Avanzando nel gioco sblocchiamo carte personaggi o unità, grazie alla quale, accumulandone il giusto numero, potremo sbloccarli e usarli. Qui viene il bello.

Gli sviluppatori del gioco non si sono degnati di realizzare i soli modelli da tutti conosciuti, ovvero le unità Eva presenti in NGE e Rebuild, ma bensì anche quelle di Evangelion: Anima. E sono meravigliose.

Parliamo dello 0.0 Type II Kai (non ho sbagliato a scrivere 00, si chiama proprio 0.0), 01 Final Stage, Eva 02 Type II, Eva Wolfpac, Angel Carrier (evoluzione dei Mass Production), Armaros (Unità di origine sconosciuta), Victor e Torwart (unità anch’esse di origine sconosciuta) e l’inutilissimo Strategic Defense Force  Integrated Mechanic Soldier Type-4 “Akashima” (conosciuto anche come SDFIMS, uno dei successori del Jet Alone).

È davvero meraviglioso vedere queste unità tanto sconosciute praticamente a chiunque, e ancor più poterle utilizzare (se avete la fortuna di dropparne le carte….). È presente anche un sistema di potenziamento delle Unità, che avviene avanzando nel gioco, droppando i componenti necessari e usando la valuta di gioco, oltre che utilizzando i Nuclei che otterremmo concludendo le missioni.

Purtroppo non è tutto oro ciò che luccica, perché dopo poche ore ci imbatteremo in giocatori incalliti, dediti nello svuotamento compulsivo delle carte di credito, disposti a vendere la madre e la sorella (forse anche il cane), pur di vincere a tutti i costi. Niente di nuovo per chi è solito giocare a giochi online di praticamente qualsiasi tipo. Non parliamo di un Pay 2 Win, ma ci andiamo abbastanza vicino.

Per lo più gratuito, in due settimane di gioco compulsivo non ho ancora sborsato un singolo € per poter avanzare (e di certo mai lo farò), ma preparatevi ad affrontare orde di giocatori simili.

Insomma, ottimo modo per ingannare il tempo tra una evacuazione e l’altra, senza contare che di giochi di Evangelion (sopratutto ben fatti), ce ne sono pochissimi. Anzi, nessuno, a parte questo.

Se avete amici che ci giocano, il gioco dispone di una chat interna, di un sistema di invito d’amicizia, creazione di gilde e via discorrendo. Insomma, nonostante si tratti di un gioco mobile, è davvero ben strutturato e sopratutto ben sviluppato, sia a livello grafico che di gameplay.

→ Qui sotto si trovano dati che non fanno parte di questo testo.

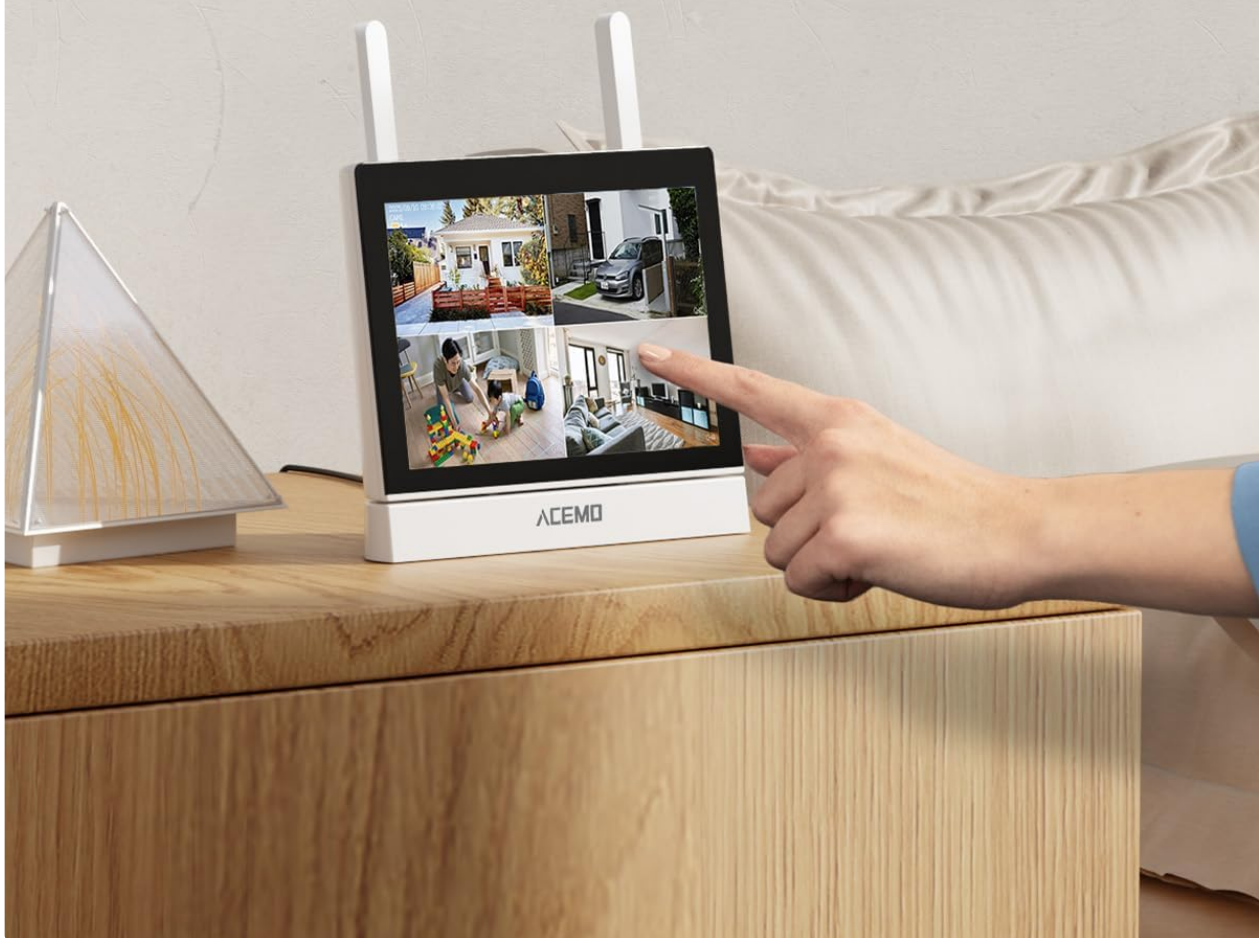
Image: The 7-inch touchscreen monitor showing multiple camera views, with a 128GB SD card for recording.

Certo per chi è solito giocare con il proprio smartphone non sarà una novità assoluta, ma ehi, CI SONO GLI EVA, MA DI COSA STIAMO PARLANDO (x2).

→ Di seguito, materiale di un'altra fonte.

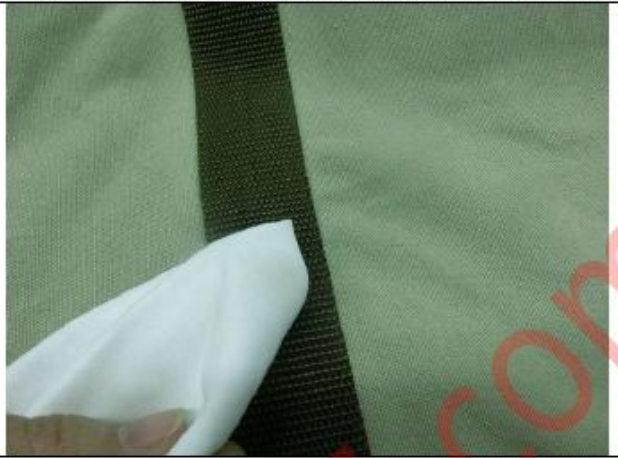
Metal detect check

Insomma, se volete provare a giocare, potrete trovare il giochino a questo link per il Google Play Store (ovviamente il gioco è completamente gratuito).

 

  • Gennaro

    È a pagamento?

    • Matteo Pagani

      Letteralmente l’ultima riga dell’articolo dice “il gioco è gratuito”, ti sei fermato a metà?